# [Work task]
Repeat only the lines below from the one that contains "De wereldwijde containervloot" through the final line, exactly. Omit pictures.

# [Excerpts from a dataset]
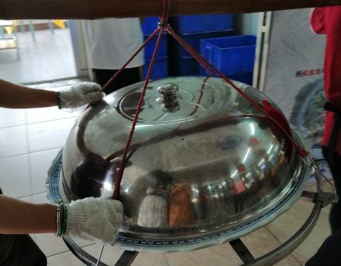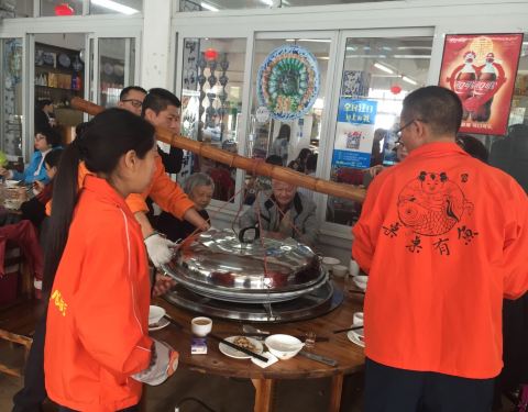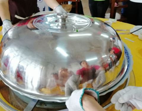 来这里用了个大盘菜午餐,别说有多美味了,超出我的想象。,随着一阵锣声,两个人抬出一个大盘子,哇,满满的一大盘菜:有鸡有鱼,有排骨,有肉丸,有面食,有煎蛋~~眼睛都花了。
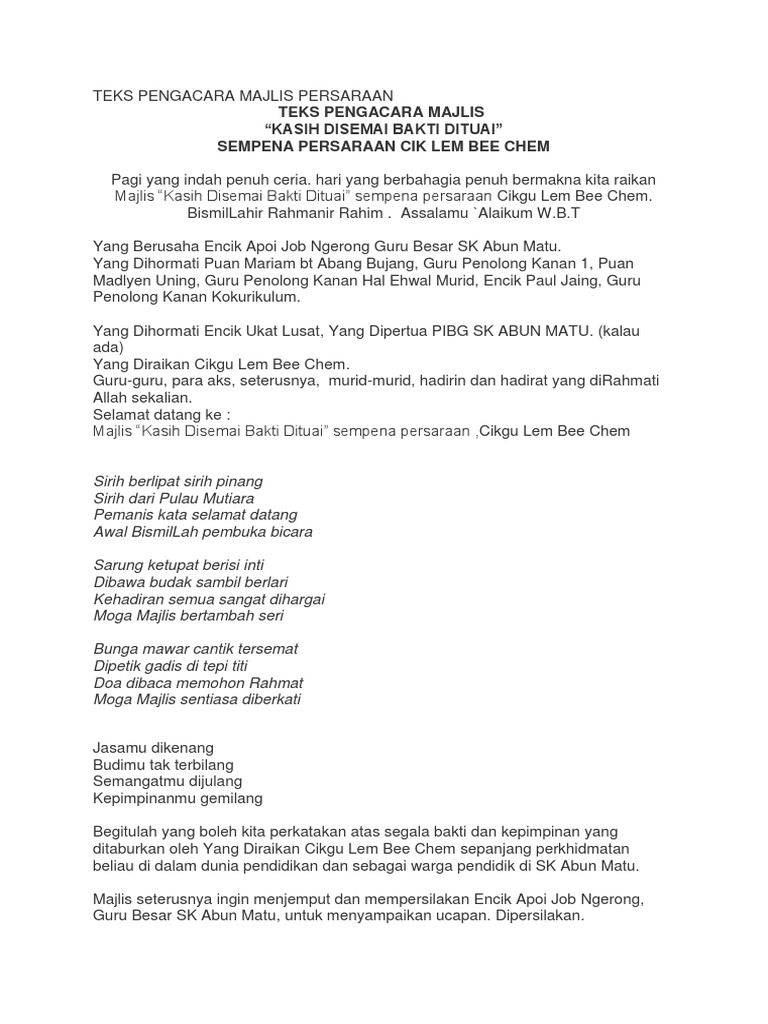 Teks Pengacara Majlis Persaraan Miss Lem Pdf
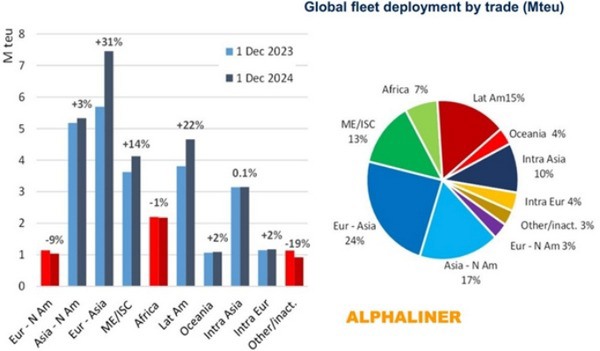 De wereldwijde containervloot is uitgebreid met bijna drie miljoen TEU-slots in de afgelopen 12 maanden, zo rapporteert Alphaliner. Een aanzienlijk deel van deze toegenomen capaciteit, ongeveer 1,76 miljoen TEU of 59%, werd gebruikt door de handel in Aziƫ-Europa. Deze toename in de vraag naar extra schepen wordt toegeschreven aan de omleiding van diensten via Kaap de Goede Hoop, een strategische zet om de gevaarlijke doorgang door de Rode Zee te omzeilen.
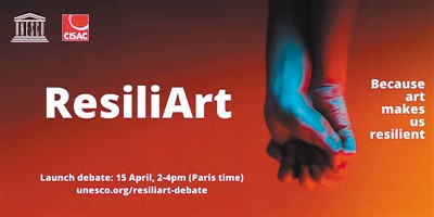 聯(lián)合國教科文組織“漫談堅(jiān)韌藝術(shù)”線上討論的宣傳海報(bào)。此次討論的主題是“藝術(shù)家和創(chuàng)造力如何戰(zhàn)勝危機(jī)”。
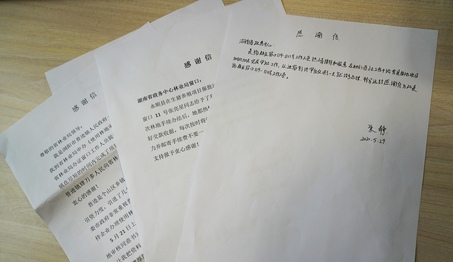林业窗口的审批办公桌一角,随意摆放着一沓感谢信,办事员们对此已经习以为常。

# [Response for this exercise]
 De wereldwijde containervloot is uitgebreid met bijna drie miljoen TEU-slots in de afgelopen 12 maanden, zo rapporteert Alphaliner. Een aanzienlijk deel van deze toegenomen capaciteit, ongeveer 1,76 miljoen TEU of 59%, werd gebruikt door de handel in Aziƫ-Europa. Deze toename in de vraag naar extra schepen wordt toegeschreven aan de omleiding van diensten via Kaap de Goede Hoop, een strategische zet om de gevaarlijke doorgang door de Rode Zee te omzeilen.
 聯(lián)合國教科文組織“漫談堅(jiān)韌藝術(shù)”線上討論的宣傳海報(bào)。此次討論的主題是“藝術(shù)家和創(chuàng)造力如何戰(zhàn)勝危機(jī)”。
林业窗口的审批办公桌一角,随意摆放着一沓感谢信,办事员们对此已经习以为常。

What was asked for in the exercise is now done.